Wo das grüne Land zu Ende geht,
Wo das finstere Meer
Die steilen Felsen frisst
Dort liegt Galicien
Nach dem Regen letzte Nacht
Zersplittert das Morgenlicht
Leise klirrend
An den Glasveranden
In denen sich der heisere Schrei der Möwen spiegelt
Viele sind ertrunken
Unter dunklen Wolken
Noch mehr vom Generalissimo ermordet
Oder über den Atlantik hinüber
In öden , grenzenlosen Pampas
Verknoten sie ihr rotes Tuch
Um den heiseren Hals und schlürfen
Den heißen Maté
Während zu Hause im verlorenen Galicien
Ihre verlassenen Weiber
Mit Ärschen wie Felsbrocken
Sich in Hexen verwandeln
Die versuchen einer verregneten Nebelwelt
Mit ein paar Zaubersprüchen und Giftkräutern
Ihre grausamen Geheimnisse zu entlocken
Aber wo der Ginster blüht und die Erika
Steigt doch noch von blauen Schieferdächern
Der Rauch auf und zieht über die
Horreos auf ihren Beinen aus Kastanienholz
Aber dahinter, die rauschenden Kiefernwälder
Sind längst vom schäbigen Eukalyptusgebüsch
Verdrängt, längst
Haben schrottreife Tankschiffe
Mit stinkendem Erdöl
Die indigofarbenen Felstürme versaut
In den tiefen Buchten der Rias
Unter alten Keltendörfern
Atmet keuchend das verdreckte Meer
In Ebbe und Flut
Lässt die weiten Sandbänke trocken fallen
Um sie nach ein paar Stunden
Wieder mit der schäumenden Flut zu überschwemmen
Eine riesige Wasserspülung
Göttlicher Klomuscheln
Göttlicher Entenmuscheln
Von den nassen Felsen gekratzt
Von den bemoosten Fassaden der Kathedralen und den
Verregneten Steinkreuzen gekratzt
Als Wegzehrung für frierende Pilger
Die dem geschmacklosen Ruf der Jakobslüge folgen
Mit Blasen an den wundgelaufenen
Schweißfüßen
Diese Stein gewordenen verschimmelten Lügen
Die uns glauben machen sollen
Die Lüge der Reconquista sei besser
Als die Lüge der Muselmannen
Die nur mehr als Gespenster bei Halbmond
Durch stürmische Nächte geistern
Durch Nächte in denen sogar die Gallegos sich
Hinter ihren Glasveranden verkriechen
In dieser düsteren Ecke Iberiens
Im verzauberten Reich Galicien
Zwischen bitterer Wirklichkeit
Und fantastischen Nebelträumen.
Die verlorene Kamera
Wir haben auf dem Rückflug von Galicien die Fotokamera mitsamt der reichen Beute vieler Bilder verloren. Nun versuche ich die Enttäuschung darüber durch eine Polemik gegen den öden Spiegelzauber des Fotografierens zu bewältigen.
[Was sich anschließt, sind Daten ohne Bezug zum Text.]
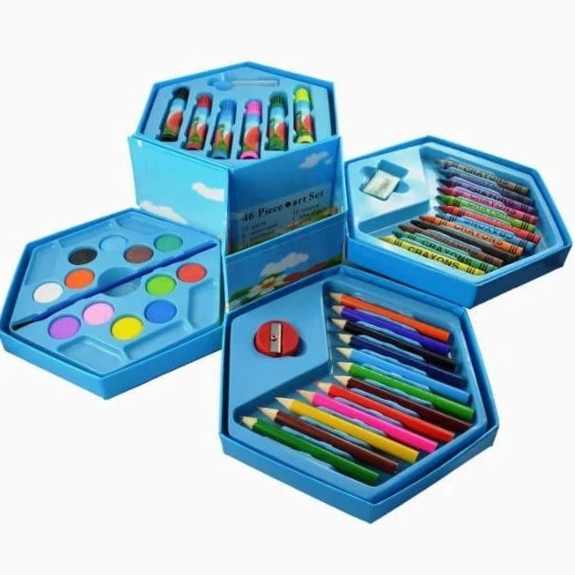 • 46-piece complete art set including color pencils, crayons, watercolors, and sketch pens.

Wie doch die Meute der Bilderjäger, bewaffnet mit dem fressenden Auge des Objektivs rastlos hinter den Urszenen nachhetzt !! Sonnenuntergänge, Kriegsgreuel, Pornografie, alles verleiben sie sich unersättlich ein.
Man muss nur beobachten, wie sich ihr Blick nach dem Drücken des Auslösers schlagartig vom Motiv abwendet, als hätten sie es vernichtet.
Die optischen Gedächtnisprothesen der Speicherkarten geben uns die trügerische Illusion einer authentischen Verbindung mit den Bildern, die von den realen Dingen gelöst wurden. In Wirklichkeit trennen sie uns jedoch von der lebendigen Erinnerung. Auf den Bilderfriedhöfen der verstaubten Fotoalben, Festplatten oder Filme verrotten die einbalsamierten Augenblicke. Sie verdecken mit ihren toten Abbildern die Lebewesen der Gegenwart.
Also verkriecht euch nur hinter euren Objektiven ihr schamlosen Fotografen. Mit tausend und abertausend Schnappschüssen werdet ihr die Rätsel aus den mondbeschienen Träumen eurer Kindheit doch nicht lösen !
Wenn euch schon längst die Würmer fressen, werden eure vergilbten Fotos auf irgendwelchen Speichern vergeblich nach Unsterblichkeit lechzen.